50 years after, IITA reels out achievements, empowers youths through agriculture


The International Institute of Tropical Agriculture (IITA) has said that it has made significant progress in research and agriculture in the last 50 years of its existence.

The Deputy Director-General Partnership for Delivery, Mr. Kenton Dashiell who stated this in Lagos Friday said the research being carried out by the institute was practical research that would help small scale, medium scale and large scale farmers in Africa to have high yield, more profit and also cause those associated industries in the value chain, those industries that store the harvests and the proceeds processed into final products.

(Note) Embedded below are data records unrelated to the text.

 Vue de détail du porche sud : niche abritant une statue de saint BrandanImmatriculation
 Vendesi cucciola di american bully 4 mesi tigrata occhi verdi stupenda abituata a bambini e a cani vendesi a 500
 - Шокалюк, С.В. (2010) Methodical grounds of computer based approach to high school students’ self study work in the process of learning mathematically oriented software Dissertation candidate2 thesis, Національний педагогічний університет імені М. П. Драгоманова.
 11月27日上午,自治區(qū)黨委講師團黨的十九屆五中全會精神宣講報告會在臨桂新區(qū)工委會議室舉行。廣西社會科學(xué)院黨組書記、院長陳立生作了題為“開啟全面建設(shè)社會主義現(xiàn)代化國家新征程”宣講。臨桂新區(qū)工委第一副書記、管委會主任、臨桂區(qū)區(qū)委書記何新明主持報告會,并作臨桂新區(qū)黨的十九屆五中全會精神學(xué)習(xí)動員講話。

Dashiell informed that the institute boasts of two major divisions doing the work namely; Research for Development as well as Research and Partnership for Delivery that take those research results to the end users so that the farmers would have impacts on people and the society.

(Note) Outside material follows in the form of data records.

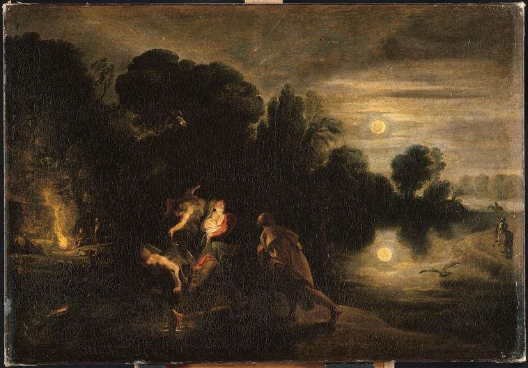 imitation ancienne combinant les personnages de la Fuite en Egypte d'un tableau de Rubens daté 1614, conservé au musée de Cassel (Rooses I 178) , avec un paysage d'Elsheimer tel celui de la Fuite en Egypte conservée à la pinacothèque de Munich
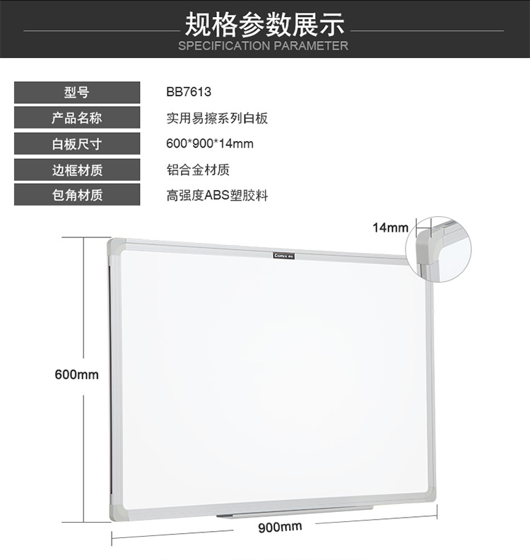 齐心(COMIX)BB7613 实用易擦系列白板(90*60cm)
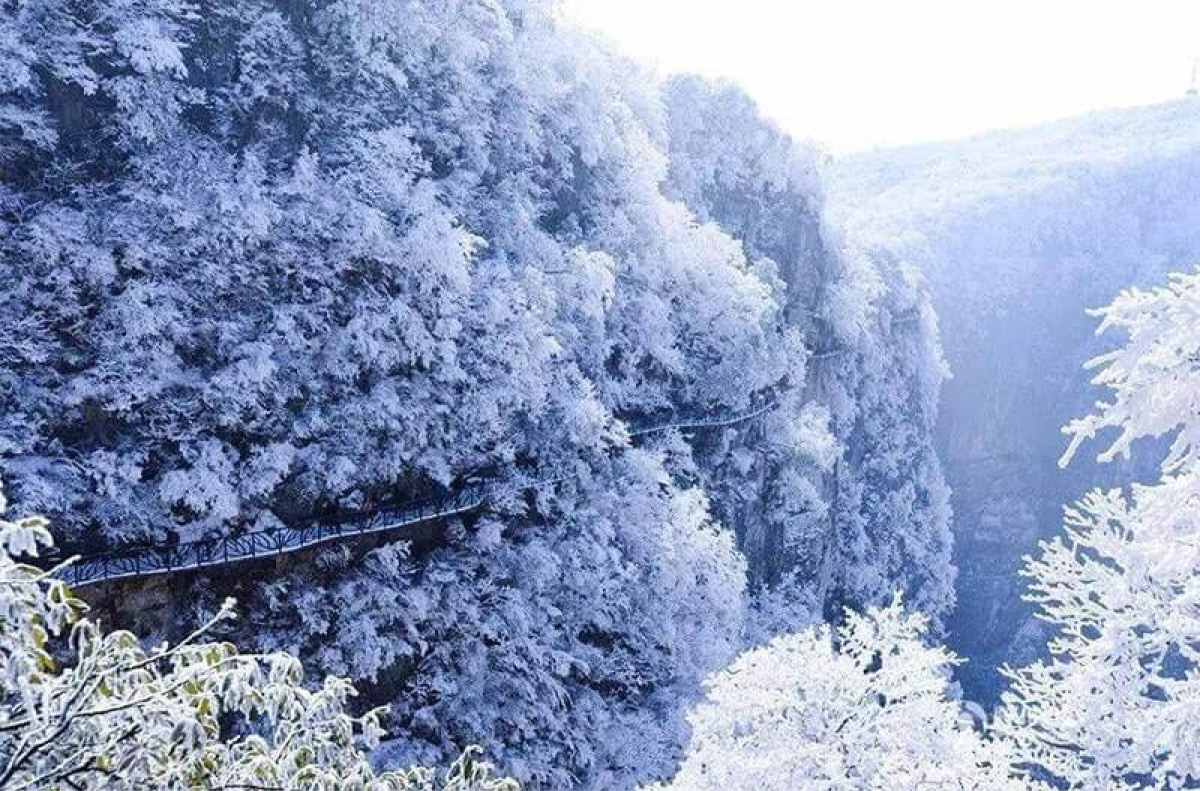 Trương Gia Giới, khu rừng đá kỳ vĩ ở Hồ Nam, trở thành tiên cảnh trong mùa đông với cột đá phủ tuyết và mây mù lãng mạn. Du lịch Trung Quốc mùa đông ở đây mang đến thời tiết se lạnh (0-10°C), lý tưởng để chiêm ngưỡng cảnh quan độc đáo. Sương mù và tuyết nhẹ làm nổi bật vẻ đẹp huyền ảo của các đỉnh núi, thu hút những ai yêu thiên nhiên.

“Then, the way we do both our research and delivery is with partnership. So, for example, our research programmes on cassava and yam which National Roots and Crops Research Institute which based in Umudike here in Nigeria and we partner with many other Universities and other research institutes here in Nigeria. We are international, so, in addition to the stations that we have here in Nigeria which are Ibadan, Kano, Abuja, Onne and also many other places where we do work in the country, we have research and delivery projects and personnel in seventeen other countries, only in Africa, we focus on Africa.

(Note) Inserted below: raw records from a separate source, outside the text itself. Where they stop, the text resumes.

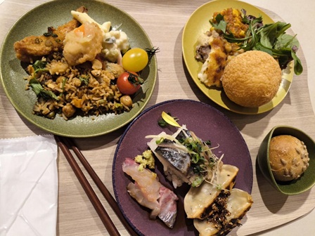 ご飯はロバットのボタンで小なめ、並み、大盛りと
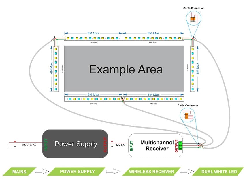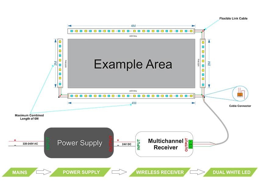 Being tunable white (CCT) means you can seamlessly adjust the colour temperature from warm white (2700k) to cool white (6500k) and anything in between! Perfect for creating dynamic lighting moods in both residential and commercial spaces, these strips deliver high quality, flicker free illumination for any setting.
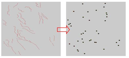 抽稀点功能是指根据指定的抽稀半径,以数据集中的一个点为中心,其圆内所有的点都会被抽稀,然后使用一个点表示所有点,抽稀后的点不一定是被抽稀点集的中心点,具有一定的随机性。
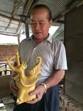景洪傣族的佛寺土陶用品可以归纳为两种,建筑用品和祭祀用品。屋脊神兽属于佛寺用品建筑用品,基本上都是男性制作。现在为止,西双版纳做屋脊神兽的艺人已经寥寥无几,据初步考察,现在还在坚持制作佛寺上的陶制屋脊神兽的只有景洪市曼阁村岩罕滇、玉章凤和勐海县勐遮镇景真村岩光罕、岩温教、岩说五个人。
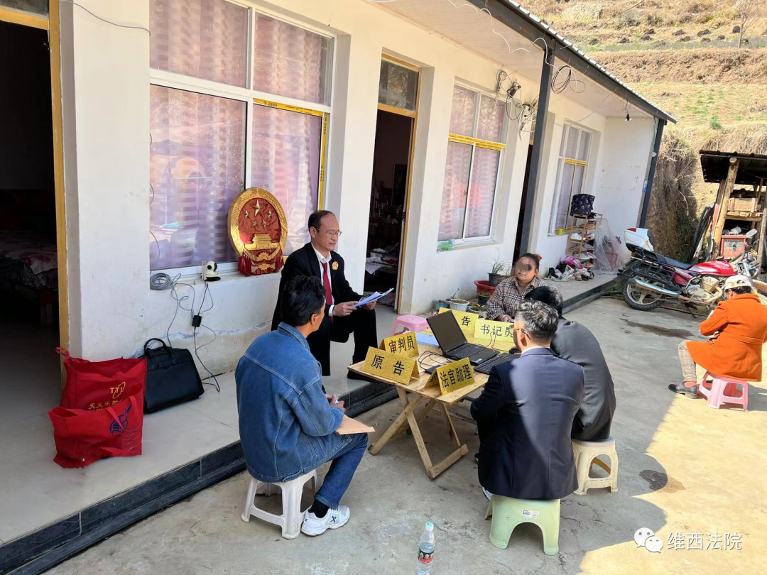 2023年3月14日,為減輕當(dāng)事人訴累,提高辦案質(zhì)效,立案庭干警一行4人到維西縣保和鎮(zhèn)蘭永村的當(dāng)事人家中進(jìn)行巡回開(kāi)庭。[詳細(xì)]
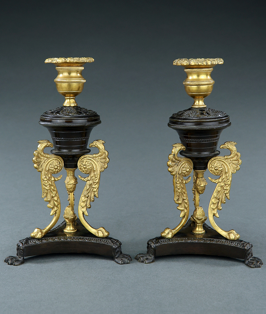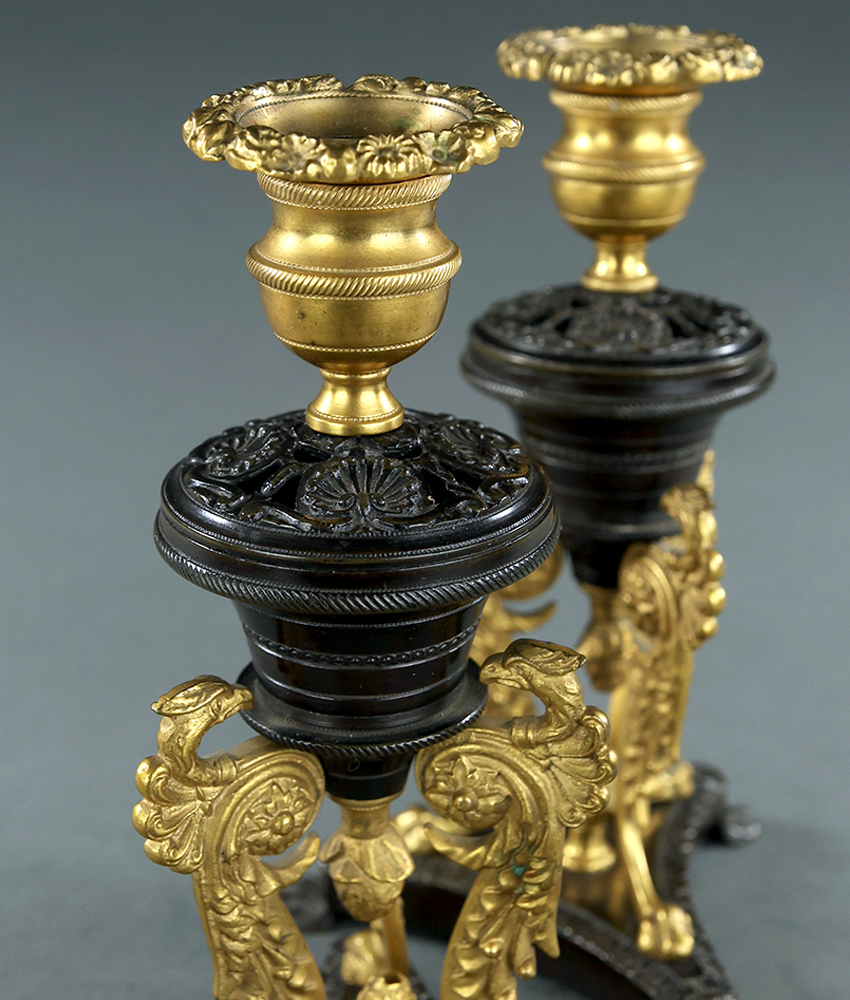 Attractive unusual pair of early 19th century English Regency patinated and gilt bronze ormolu candlesticks with seemingly small pot pourri holders after designs by Cheney of London. Typical Regency style candle cups with engine turned band and floral rimmed bobeches sit upon a fret cut pot pourri style urn with shell decoration with a pine cone finial. Three zoomorphic monopodiae exotic bird legs on a lion footed triform base. Good quality, very attractive pair of candlesticks. English, circa 1815.
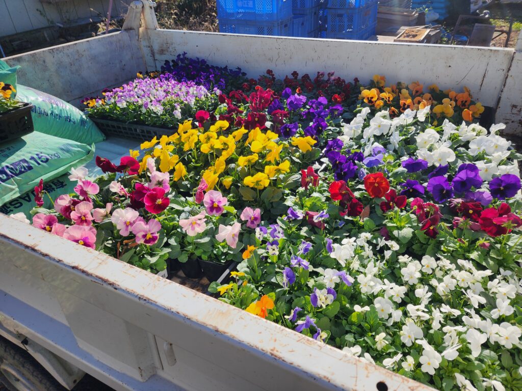 パンジーとビオラをいくつ注文し、学校のイベントの一環として花を植えていきます。
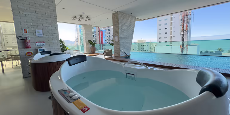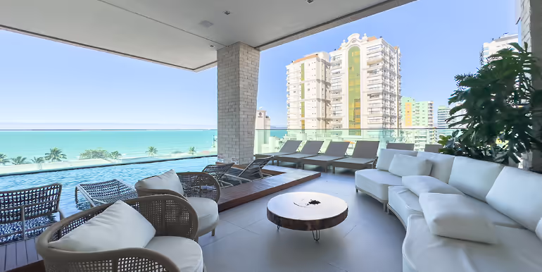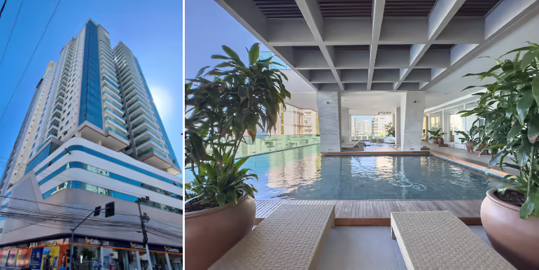 Apartamentos à venda no Edifício Garden Square em Meia Praia – Itapema. Imóvel espaçoso, com 3 ou 4 suítes, lavabo, amplo living, ampla sacada com churrasqueira a carvão, 3 ou 4 vagas de garagem e ampla área de lazer, localizado na Av. Nereu Ramos, Esquina com as Ruas 202 e 204, a menos de 150 metros da praia.

“Recently, we have within the last three or four years, put emphasis on working with the youth and we have made the programme on the youth to help them to have the technical and business skills to start their own agricultural business and we have several successes in different places in the country already. We also have what is called the business incubation platform and this is how IITA interacts directly with the businesses that are starting up and that are already established here in Nigeria”, he said.

On her part, the Deputy Director-General Corporate Services IITA, Hilde Koper-Limbourg observed that when plans were made to establish IITA, several countries were considered adding in Nigeria, Ibadan was chosen to house the headquarters of the Institute even as she said that they were actually glad about that decision.

Limbourg said that over the last 50 years, IITA had been able to work very well in Nigeria, own a lot, achieve a lot and that they wouldn’t have come that far without support of the Nigerian authorities, Nigerian partners and of course, the Nigerian people.

According to her,” This support has really helped us to achieve our goals as I said, 50 years ago. In 1967, we established and we were one of the very first African research centres that established. We are a partner of CGIAR which is the global partnership for food security and they are all over the world and we were one of the first there. We also have sister centres in other African countries, in Latin America and Asia. IITA today as you have heard operates from four hubs and seventeen stations in the sub-Saharan Africa but our headquarters are in Ibadan.

“So, we employ in Nigeria about 2000 Nigerian staff and about 100 international staff. We have a campus in Ibadan and it is about 1000 hectares and there we have offices, we have a lot of research fields, we have accommodations. IITA is funded by funding projects from several donors. Our main donors are organizations like the Africa Development Bank, USAID, Bill and Melinda Gate Foundation but we have many donors and a lot of governments also give us fund. The Nigerian government supports IITA as well”.

She averred that IITA was still growing and that they were trying to do all in the works to get new proposals, new funding to achieve their set goal even as she said that they still hope to keep growing and working well from their world stations and from their headquarters here in Nigeria.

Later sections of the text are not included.